### ASSIGNMENT:
In your answer, print each of the records below exactly.

Start of Block

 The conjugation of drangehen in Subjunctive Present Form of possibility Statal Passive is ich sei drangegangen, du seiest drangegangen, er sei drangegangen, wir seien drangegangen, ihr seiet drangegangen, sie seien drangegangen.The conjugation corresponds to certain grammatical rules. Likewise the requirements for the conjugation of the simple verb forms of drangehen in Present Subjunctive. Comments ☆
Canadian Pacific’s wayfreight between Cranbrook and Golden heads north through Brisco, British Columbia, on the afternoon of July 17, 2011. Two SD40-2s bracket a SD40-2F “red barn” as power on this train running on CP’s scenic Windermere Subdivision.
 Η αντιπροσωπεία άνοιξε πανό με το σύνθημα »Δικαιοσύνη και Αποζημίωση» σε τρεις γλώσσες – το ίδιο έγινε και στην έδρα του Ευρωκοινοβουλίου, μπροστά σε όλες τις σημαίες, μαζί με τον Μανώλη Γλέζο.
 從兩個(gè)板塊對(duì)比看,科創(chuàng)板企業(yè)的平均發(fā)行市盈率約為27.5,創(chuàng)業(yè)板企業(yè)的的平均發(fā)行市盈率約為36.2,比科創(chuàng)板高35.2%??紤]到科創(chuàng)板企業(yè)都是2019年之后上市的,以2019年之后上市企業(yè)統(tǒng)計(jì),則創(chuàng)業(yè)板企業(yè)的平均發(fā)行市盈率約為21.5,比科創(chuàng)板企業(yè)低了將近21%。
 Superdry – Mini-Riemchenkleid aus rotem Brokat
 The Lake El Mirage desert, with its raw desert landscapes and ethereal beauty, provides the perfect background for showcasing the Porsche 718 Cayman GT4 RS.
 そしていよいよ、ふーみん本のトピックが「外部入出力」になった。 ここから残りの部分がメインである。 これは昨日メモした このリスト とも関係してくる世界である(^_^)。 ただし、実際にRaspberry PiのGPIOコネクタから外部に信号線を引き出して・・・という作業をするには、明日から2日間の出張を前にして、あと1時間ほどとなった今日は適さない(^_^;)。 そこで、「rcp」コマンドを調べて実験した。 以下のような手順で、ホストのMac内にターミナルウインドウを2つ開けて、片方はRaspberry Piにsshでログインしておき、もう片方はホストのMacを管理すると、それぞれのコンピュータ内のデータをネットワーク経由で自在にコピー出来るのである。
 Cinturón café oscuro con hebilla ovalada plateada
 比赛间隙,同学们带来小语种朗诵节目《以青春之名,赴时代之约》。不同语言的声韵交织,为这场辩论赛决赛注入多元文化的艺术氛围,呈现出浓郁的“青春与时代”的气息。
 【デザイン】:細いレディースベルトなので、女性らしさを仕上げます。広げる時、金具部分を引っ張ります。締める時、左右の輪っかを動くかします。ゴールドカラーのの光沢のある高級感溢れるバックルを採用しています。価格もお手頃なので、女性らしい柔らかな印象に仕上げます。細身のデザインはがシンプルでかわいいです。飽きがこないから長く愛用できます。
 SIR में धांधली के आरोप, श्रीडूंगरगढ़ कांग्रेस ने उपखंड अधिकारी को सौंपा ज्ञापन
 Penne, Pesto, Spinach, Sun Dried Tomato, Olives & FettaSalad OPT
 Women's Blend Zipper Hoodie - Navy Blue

End of Block

### ANSWER SECTION:
 The conjugation of drangehen in Subjunctive Present Form of possibility Statal Passive is ich sei drangegangen, du seiest drangegangen, er sei drangegangen, wir seien drangegangen, ihr seiet drangegangen, sie seien drangegangen.The conjugation corresponds to certain grammatical rules. Likewise the requirements for the conjugation of the simple verb forms of drangehen in Present Subjunctive. Comments ☆
Canadian Pacific’s wayfreight between Cranbrook and Golden heads north through Brisco, British Columbia, on the afternoon of July 17, 2011. Two SD40-2s bracket a SD40-2F “red barn” as power on this train running on CP’s scenic Windermere Subdivision.
 Η αντιπροσωπεία άνοιξε πανό με το σύνθημα »Δικαιοσύνη και Αποζημίωση» σε τρεις γλώσσες – το ίδιο έγινε και στην έδρα του Ευρωκοινοβουλίου, μπροστά σε όλες τις σημαίες, μαζί με τον Μανώλη Γλέζο.
 從兩個(gè)板塊對(duì)比看,科創(chuàng)板企業(yè)的平均發(fā)行市盈率約為27.5,創(chuàng)業(yè)板企業(yè)的的平均發(fā)行市盈率約為36.2,比科創(chuàng)板高35.2%??紤]到科創(chuàng)板企業(yè)都是2019年之后上市的,以2019年之后上市企業(yè)統(tǒng)計(jì),則創(chuàng)業(yè)板企業(yè)的平均發(fā)行市盈率約為21.5,比科創(chuàng)板企業(yè)低了將近21%。
 Superdry – Mini-Riemchenkleid aus rotem Brokat
 The Lake El Mirage desert, with its raw desert landscapes and ethereal beauty, provides the perfect background for showcasing the Porsche 718 Cayman GT4 RS.
 そしていよいよ、ふーみん本のトピックが「外部入出力」になった。 ここから残りの部分がメインである。 これは昨日メモした このリスト とも関係してくる世界である(^_^)。 ただし、実際にRaspberry PiのGPIOコネクタから外部に信号線を引き出して・・・という作業をするには、明日から2日間の出張を前にして、あと1時間ほどとなった今日は適さない(^_^;)。 そこで、「rcp」コマンドを調べて実験した。 以下のような手順で、ホストのMac内にターミナルウインドウを2つ開けて、片方はRaspberry Piにsshでログインしておき、もう片方はホストのMacを管理すると、それぞれのコンピュータ内のデータをネットワーク経由で自在にコピー出来るのである。
 Cinturón café oscuro con hebilla ovalada plateada
 比赛间隙,同学们带来小语种朗诵节目《以青春之名,赴时代之约》。不同语言的声韵交织,为这场辩论赛决赛注入多元文化的艺术氛围,呈现出浓郁的“青春与时代”的气息。
 【デザイン】:細いレディースベルトなので、女性らしさを仕上げます。広げる時、金具部分を引っ張ります。締める時、左右の輪っかを動くかします。ゴールドカラーのの光沢のある高級感溢れるバックルを採用しています。価格もお手頃なので、女性らしい柔らかな印象に仕上げます。細身のデザインはがシンプルでかわいいです。飽きがこないから長く愛用できます。
 SIR में धांधली के आरोप, श्रीडूंगरगढ़ कांग्रेस ने उपखंड अधिकारी को सौंपा ज्ञापन
 Penne, Pesto, Spinach, Sun Dried Tomato, Olives & FettaSalad OPT
 Women's Blend Zipper Hoodie - Navy Blue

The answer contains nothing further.